To assess how the microbial community may aid in invasive grass dominance over native forbs, we harvested, dried, and weighed aboveground plant biomass. Roots were not included due to the difficulty of identifying roots to species in the competition treatment. Previous work in this system has shown that competition with invasive grasses lowers fitness of native forbs through decreased seed production [41, 47]. While we were not able to measure seed production of plants in this study due to rhizosphere sampling prior to seed set, aboveground biomass in annual plants is often used as a surrogate for competitive ability [48, 49] and is well correlated with seed production [50, 51] and is therefore a reasonable estimate of plant performance.

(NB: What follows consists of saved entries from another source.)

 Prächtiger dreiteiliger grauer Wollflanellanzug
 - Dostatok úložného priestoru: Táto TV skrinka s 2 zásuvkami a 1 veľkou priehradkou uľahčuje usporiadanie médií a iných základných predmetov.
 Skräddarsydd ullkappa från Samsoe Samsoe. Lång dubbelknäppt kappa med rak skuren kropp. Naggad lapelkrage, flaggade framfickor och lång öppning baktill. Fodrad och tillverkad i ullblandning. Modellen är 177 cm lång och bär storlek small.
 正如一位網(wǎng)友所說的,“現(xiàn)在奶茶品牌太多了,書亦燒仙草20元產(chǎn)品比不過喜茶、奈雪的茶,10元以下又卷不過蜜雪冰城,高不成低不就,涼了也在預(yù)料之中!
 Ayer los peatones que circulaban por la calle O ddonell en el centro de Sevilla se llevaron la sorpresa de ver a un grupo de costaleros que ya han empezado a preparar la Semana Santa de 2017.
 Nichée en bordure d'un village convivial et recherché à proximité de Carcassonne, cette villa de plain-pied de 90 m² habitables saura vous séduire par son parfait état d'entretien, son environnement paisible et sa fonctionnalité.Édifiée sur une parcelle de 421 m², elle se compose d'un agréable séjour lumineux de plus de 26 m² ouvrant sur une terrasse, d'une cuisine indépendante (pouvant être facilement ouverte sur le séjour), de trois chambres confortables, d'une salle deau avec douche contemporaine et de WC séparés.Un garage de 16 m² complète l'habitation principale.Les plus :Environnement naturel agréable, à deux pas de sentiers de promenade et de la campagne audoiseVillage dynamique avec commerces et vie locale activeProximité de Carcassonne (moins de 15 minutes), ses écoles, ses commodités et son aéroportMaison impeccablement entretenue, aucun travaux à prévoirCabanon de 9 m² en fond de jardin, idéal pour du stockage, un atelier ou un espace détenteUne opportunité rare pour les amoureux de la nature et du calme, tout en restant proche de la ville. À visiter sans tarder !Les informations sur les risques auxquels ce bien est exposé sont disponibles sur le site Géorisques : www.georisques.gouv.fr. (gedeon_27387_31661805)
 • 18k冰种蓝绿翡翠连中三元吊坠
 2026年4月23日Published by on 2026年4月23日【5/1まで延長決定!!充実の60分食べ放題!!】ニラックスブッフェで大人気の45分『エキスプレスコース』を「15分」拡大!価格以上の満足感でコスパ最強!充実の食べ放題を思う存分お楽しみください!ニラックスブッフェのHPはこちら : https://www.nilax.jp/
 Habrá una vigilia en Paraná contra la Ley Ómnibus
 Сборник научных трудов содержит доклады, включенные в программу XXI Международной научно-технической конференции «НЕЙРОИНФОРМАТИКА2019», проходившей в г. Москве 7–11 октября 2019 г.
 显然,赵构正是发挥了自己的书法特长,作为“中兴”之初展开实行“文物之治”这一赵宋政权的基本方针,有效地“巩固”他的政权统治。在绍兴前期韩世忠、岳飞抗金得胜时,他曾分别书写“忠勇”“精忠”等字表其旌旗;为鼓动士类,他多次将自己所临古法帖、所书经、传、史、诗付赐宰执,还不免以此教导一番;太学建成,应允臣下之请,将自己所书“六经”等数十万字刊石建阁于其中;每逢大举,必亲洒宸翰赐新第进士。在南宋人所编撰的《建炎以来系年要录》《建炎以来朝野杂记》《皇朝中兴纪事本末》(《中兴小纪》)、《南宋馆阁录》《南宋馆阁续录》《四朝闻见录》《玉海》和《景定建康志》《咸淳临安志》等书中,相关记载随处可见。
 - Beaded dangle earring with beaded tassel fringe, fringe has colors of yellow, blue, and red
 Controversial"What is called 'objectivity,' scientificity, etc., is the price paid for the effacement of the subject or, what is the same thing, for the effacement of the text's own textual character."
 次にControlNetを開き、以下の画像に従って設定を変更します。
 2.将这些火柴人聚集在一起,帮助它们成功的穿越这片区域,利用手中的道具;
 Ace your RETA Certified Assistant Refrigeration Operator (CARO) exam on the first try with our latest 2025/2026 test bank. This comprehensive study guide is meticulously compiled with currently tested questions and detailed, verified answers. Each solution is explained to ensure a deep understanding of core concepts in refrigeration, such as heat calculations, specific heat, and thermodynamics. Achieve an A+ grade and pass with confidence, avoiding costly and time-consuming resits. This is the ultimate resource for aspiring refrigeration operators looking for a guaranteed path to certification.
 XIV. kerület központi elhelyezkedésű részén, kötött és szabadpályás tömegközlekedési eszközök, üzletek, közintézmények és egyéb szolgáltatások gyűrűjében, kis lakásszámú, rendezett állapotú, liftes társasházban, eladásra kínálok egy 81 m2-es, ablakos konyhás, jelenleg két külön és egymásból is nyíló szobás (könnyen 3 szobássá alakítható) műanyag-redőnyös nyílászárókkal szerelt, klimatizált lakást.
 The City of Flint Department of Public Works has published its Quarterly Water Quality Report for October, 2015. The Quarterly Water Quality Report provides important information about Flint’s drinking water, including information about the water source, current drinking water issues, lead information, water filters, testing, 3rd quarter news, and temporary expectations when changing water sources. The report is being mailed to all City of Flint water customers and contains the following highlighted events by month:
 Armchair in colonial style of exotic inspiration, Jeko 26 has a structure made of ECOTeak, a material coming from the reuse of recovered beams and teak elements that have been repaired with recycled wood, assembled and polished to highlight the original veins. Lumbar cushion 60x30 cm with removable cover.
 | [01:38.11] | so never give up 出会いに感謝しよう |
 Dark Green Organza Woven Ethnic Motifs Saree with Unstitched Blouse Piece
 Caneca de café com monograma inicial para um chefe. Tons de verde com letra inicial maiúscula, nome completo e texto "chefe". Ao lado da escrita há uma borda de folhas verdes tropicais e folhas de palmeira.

Molecular Methods and Sequence Generation
Briefly, we extracted DNA from the 135 rhizosphere soil pellets using the MoBio PowerSoil DNA Extraction kit (MO BIO Laboratories, Inc., Carlsbad, CA, USA). Samples were then sent to the Integrated Microbiome Resource (IMR) at Dalhousie University to amplify and sequence the 16S rRNA gene using the 515FB-806RB primer set [52, 53] and ITS2 region using the ITS86F-ITS4R primer set [54]. The sequence reads generated for this 16S rRNA gene and ITS region amplicon project were deposited at Genbank under accession no. PRJNA666893.
Sequence Processing
Sequence data was processed using the DADA2 workflow [55] in R [56] to create Amplicon Sequence Variant tables (ASV). Chimeras, contaminants, mitochondria and chloroplasts were removed from these tables prior to further analysis. For questions 1–3, the 16S rRNA gene dataset was rarefied to 9434 reads per sample and the ITS region dataset was rarefied to 7557 reads per sample. These rarefaction levels were chosen, after examining rarefaction curves for saturation, based on the size of the sample with the smallest number of reads in order to retain the maximum number of samples for downstream analysis.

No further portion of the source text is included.